I saw the misshapen shadow again. He saw the person making the shadow.

“Your Highness.” He dropped to his knees. “Pardon us.”

I looked beyond the shadow and saw a tall woman with stiltlike limbs, thin shoulders wrapped in a blanket, thin hands holding the blankets, trailing sleeves, a head in a cap circled by a thin golden crown. I fell to my knees, too. The king’s daughter, Princess Renn.





Chapter Fifteen

Beg pardon.” I bowed my head.

“You have a knife? Against me?” Her voice rose in pitch until it cracked, then started lower and rose until it cracked again. “Enemies from Tair!”

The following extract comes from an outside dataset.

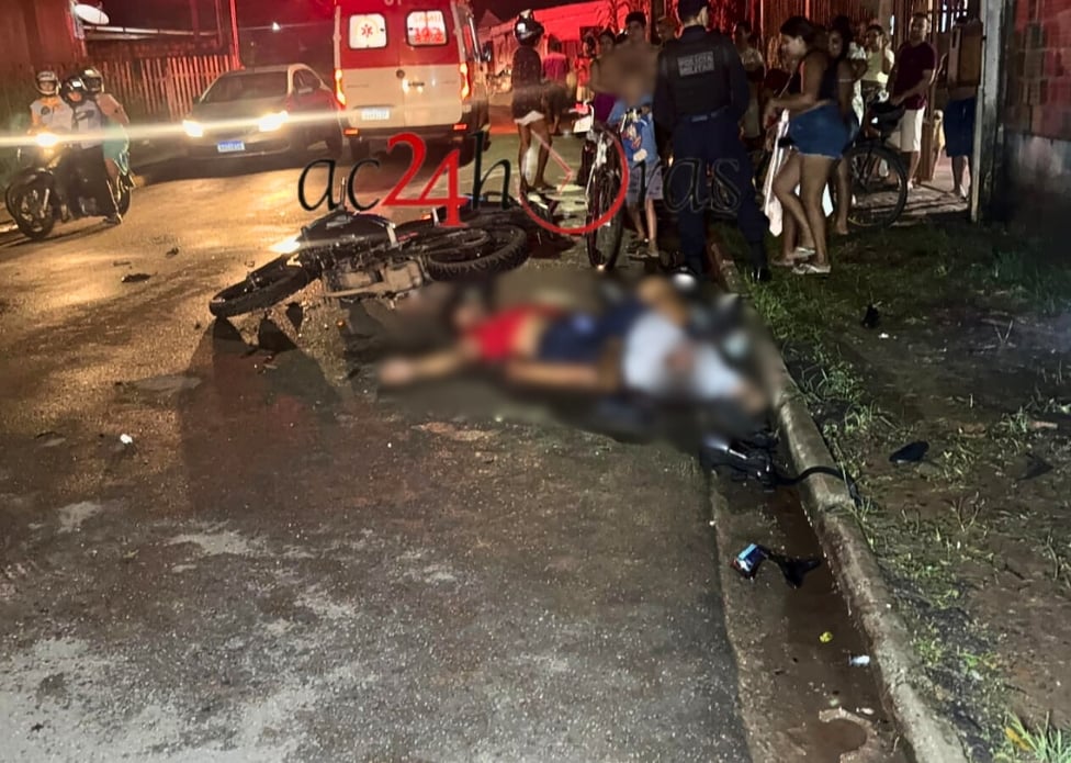Um acidente de trânsito envolvendo duas motocicletas tirou as vidas de Raimundo Paiva de Araújo, de 39 anos, e Charles Silva Marinho, de 51 anos, na noite deste domingo (1º), na rua Baguari, bairro Taquari, no Segundo Distrito de Rio Branco.

The knife thudded to the floor. “Not from Tair, Your Highness. From right here. She”—he pulled my head up by my hair—“by thunder, she said there was an intruder in the donjon.”


I saw the princess more clearly. She had a heart-shaped face, cleft chin, small mouth, and a long, sloping nose. She might have been pretty if her blue eyes had been merely large, but they were enormously large with too much white. If she missed beauty, however, her mouth was sweet and her big eyes full of feeling, both fear and outrage.

“Who are you?”

He pulled back his shoulders. “Master Jak, His Lordship’s chief third assistant cook, Your Highness.”

Princess Renn’s lips twitched in a hint of a smile. She turned to me.

“I’m Ehh”—I extended the vowel even longer than a Two Castles person would—“lodie, the new kitchen maid.” If they were going to oust me or imprison me, they should know my proper name.

In the silence, I listened but heard no dog whimpers, no scrabbling paws, no panting.

“Ehlodie,” the princess said, “why did you come to the donjon?”

Feigning innocence, I said in a rush, “I’m the new kitchen maid and I woke and couldn’t fall back to sleep and I’ve never been in a castle before and thought I might look around and I’d heard that His Lordship lost his dog and if I could find it, it would be a fine thing and I came here and I didn’t see you, Your Highness, I saw your shadow.” I pointed.

The shadow still hulked. Princess Renn was thin, but the blanket expanded her. Her shadow suggested a bearlike creature with a tiny head.

She laughed and held out her arms, making the shadow even bigger. “La! Look at me!”

My shoulders relaxed in relief. Master Jak laughed, too, although his laughter sounded forced.

“I am afraid myself of myself! Jak, rise! Ehlodie, rise! Spread your arms.”

Papa and mama and daughter monster shadows filled the donjon. Master Jak’s laughter turned genuine.

When our laughter subsided, the princess said, “I commend you both on your courage. Ehlodie! To come back after you’d seen the monster! And Chief Third Assistant Cook Jak! To brave the monster with only a knife! Jak, you may return to your well-deserved rest.”